Central bank observers want Federal Reserve Chairman Jerome Powell to remain on guard as the United States ramps up its vaccination efforts, putting an end to the COVID-19 pandemic in sight.

Specifically, some analysts believe Fed officials should start considering an adjustment to its about $ 120 billion per month program to purchase assets in a way that could help pave the way for a more fluid market operation in key segments of the US debt markets.

That wouldn’t mean cutting back on its monthly asset purchases. Rather, the policy change would be designed to be more responsive to a rising rate environment, particularly if demand for new US home loans cools, after the pandemic helped inaugurate the soaring house prices and record 30-year mortgage rates.
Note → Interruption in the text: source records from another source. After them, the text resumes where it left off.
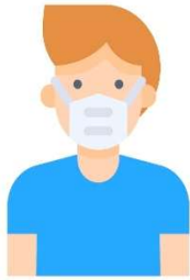
Wear face mask
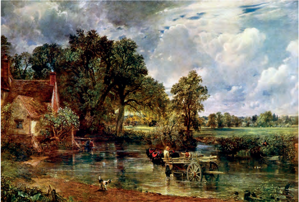
John Constable, The Hay Wain , 1821 (oil on canvas), (130 × 185 cm), (National Gallery, London)
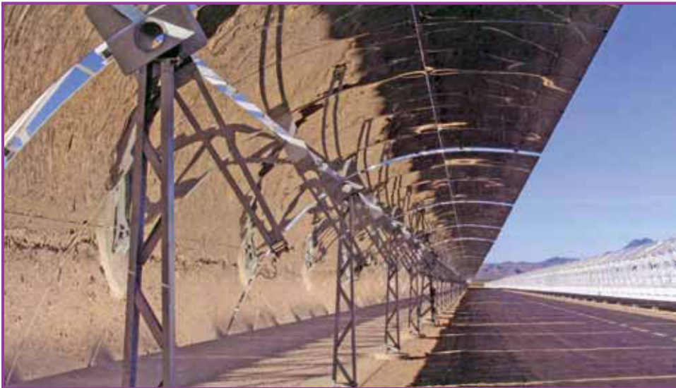
Shining beautifully, this hot-dip galvanized Nevada solar farm utilizes the intense heat and sun of the desert.

This project is a first in the United States of this size and magnitude, but larger projects are planned in Nevada and California. After the success of employing hot-dip galvanized steel in this project, it is expected that the additional plants will use galvanized steel as well. The durability and longevity provided by galvanized steel will ensure hot-dip galvanized steel will be a player in the expanding alternative energy market well into the future.
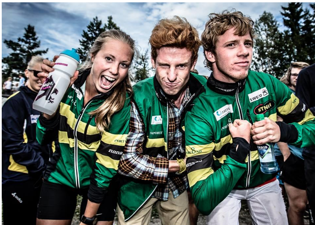
Experience Night Hawk, a social and prestigious orienteering event in Norway.

More info: visit www.nighthawk.no/entry or e-mail: siri.holmboe@gmail.com
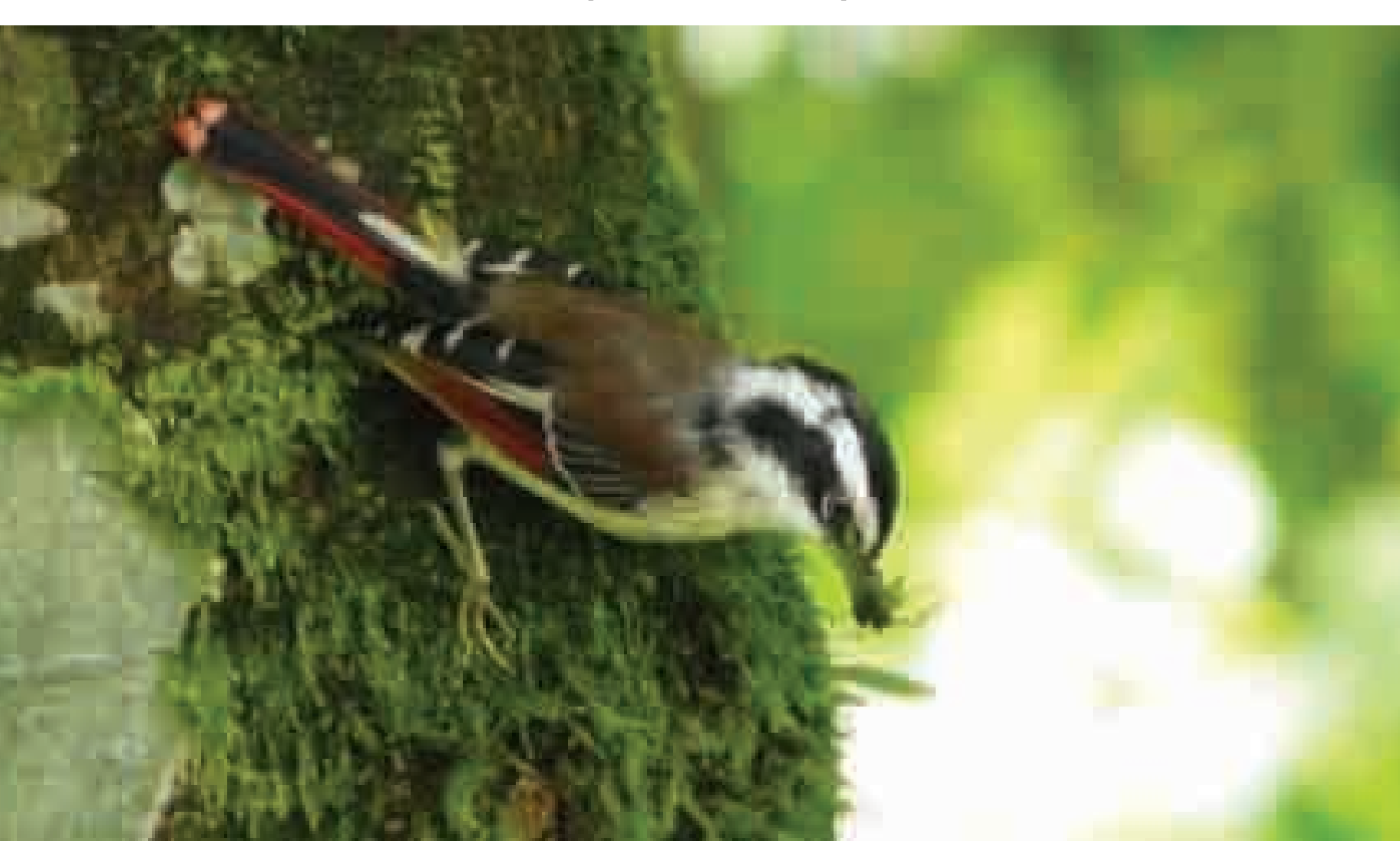
Red-tailed Minla Minla ignotincta : An altitudinal migrant in Sikkim. Prefers moist forest along the river valleys

KEYWORDS : Birds , elevation zone , endemic species , Sikkim , threatened species .
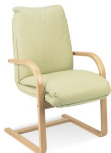
NADIR-LB CF-1.007 PF22-1.007
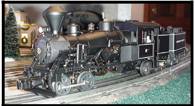
Lionel's new 3-truck Heisler logging locomotive on a test run.
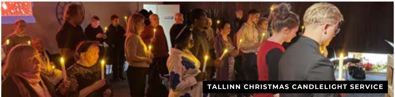
TALLINN CHRISTMAS CANDLELIGHT SERVICE
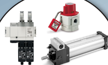
SAFETY RELATED PRODUCTS
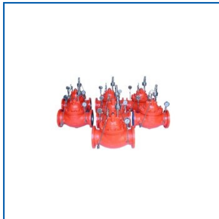
CLOSE BONNET SAFETY RELIEF VALVE
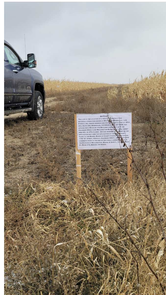
PHASE 4 (ENTRANCE) - PHOTO DATE 11/22/2022
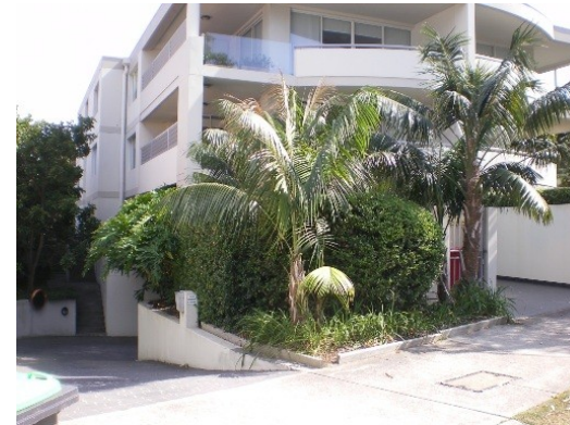
310. 566 Old South Head Road Garage below road
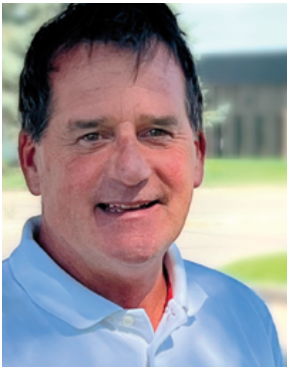
Director of Negotiations

This is what we've been busy with since January:
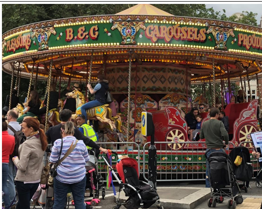
The carousel in West Smithfield was a popular attraction

On Saturday the weather co-operated, people came in numbers and there was a tremendous atmosphere. Unfortunately, the weather was not so kind on Sunday, but there was still plenty to enjoy. We hope that those of you who came had a good time!
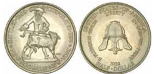
4096* U.S.A., New Rochelle, New York, commemorative half dollar, 1938. Brilliant, uncirculated and very scarce.
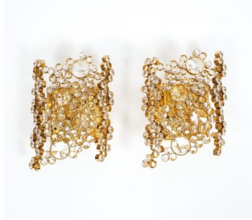
Palwa Pair of Gilt Brass and Crystal Glass Encrusted Sconces
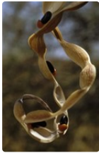
Source: WorldWideWattle ver. 2. Published at: www.worldwidewattle.com J. Maslin
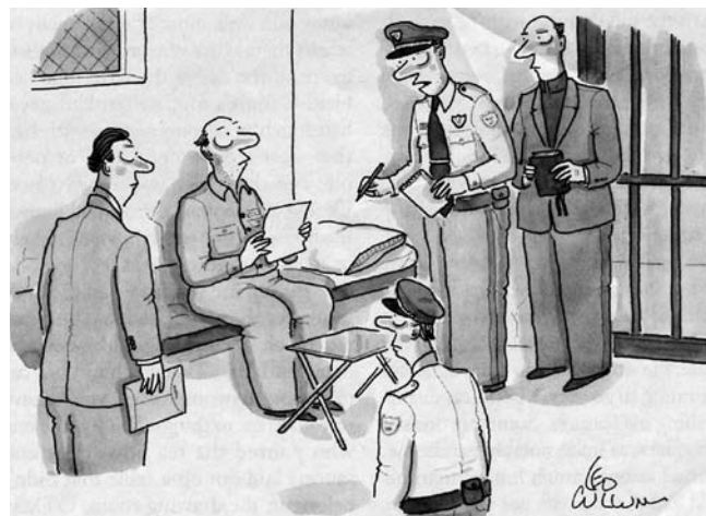
"I'm sorry. The beef Wellington has to be ordered twenty-four hours in advance."
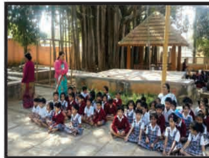
Our tiny tots in Divya Chaitanya

“As the Fed adjusts to an economy about to reopen (supported by a very strong fiscal tailwind), we expect their balance sheet policies to become increasingly flexible,” wrote a team of BofA Global strategists led by Satish Mansukhani, in a research note.

“One option for the Fed is to ‘switch’ certain purchases from MBS to UST,” the team wrote, referring to the central bank’s ongoing monthly asset purchases as part of the government guarantee. $ 7.3 trillion agency mortgage-backed securities market and about $ 20 trillion US Treasury market.

UST market thinks Fed footprint may not be large enough due to increasing UST supply and fearful investors amid rising rate trend , while the MBS market is showing more and more signs that the Fed may be too big. “

The 10-year Treasury benchmark yield TMUBMUSD10Y,
1.548%
was up around 80 basis points on the year to date Wednesday at 1.67%, its highest level since January 2020. The sudden rate hike put pressure on top-tier stocks and raised fears of a possible surge in inflation as billions of dollars in stimulus swept through financial markets.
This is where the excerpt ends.